The Pain of Furniture Delivery

I haven’t been the shop much this week due to my travels to South Carolina to make a delivery. To pack and load furniture for a lengthy trip can wear a guy out. A guy needs time to unwind and relax. If it wasn’t for the “fun in the sun”, great food in the evenings and good friends to make it all top tier, I’m not sure I would have made the trip.

To keep this post woodworking related I have loaded up a few photos of the walnut secretary that I delivered, but if you want to see what it really takes to unwind after a painful delivery, check out the quick video below. Life is tough!

12 Comments

Filed under Delivery

12 responses to “The Pain of Furniture Delivery

  1. Greg Jones

    Glen, that secretary is stunning-you do fantastic work!

  2. Derek Wolcottt

    Yup, feelin’ your pain. Beautiful piece. Congratulations.

  3. lou tucker

    A true master at work.Thanks for shareing Glen.

  4. R&R well deserved. Beautiful piece of furniture.

  5. Stunning. Great color – well, all of it is great. My wife wants to know how long it took you to build it.

    • Jeff,
      Normally I could tell you an approximate number of hours, but with this piece cannot. I built a few pieces while this was under construction, so it sat in the shop without anything happening for days on end. Sorry. You’ll have to have your wife keep track as you build your version.
      Glen

  6. Paul

    Beautiful piece Glen. What are those three holes in the top section’s backboard for?

  7. fitzpatm

    Dayummmmm. That is sweet.

  8. Glen,
    I just found the threads on the secretary build… and I agree its fantastic!
    A few questions on the finish..
    Did you use pore filler on the walnut?
    How many coats of oil (i assume BLO) and top coat?

    and finally… is you back made from walnut or is dyed secondary wood?

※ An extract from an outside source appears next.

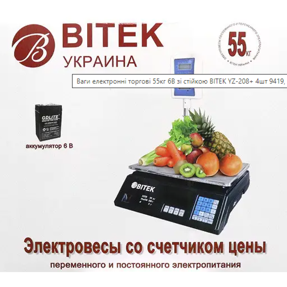 Торговые электронные весы со стойкой BITEK YZ-208 Товарные настольные весы с счетчиком цены и аккумулятором, до 55кг

    • Gary, I do not like to use pore filler on my projects. My aim is to keep the finish as clear as possible – filler muddies the look. I apply a single coat of BLO and the number of topcoats varies. If I fill pores, I use extra coats of shellac. I also build my finish until I’m sure I can get a near-level surface. If I had to put a number on it I would say six to seven layers of sprayed topcoat. On this secretary I used walnut boards for the back of the bookcase section, but unfinished poplar for the back of the desk.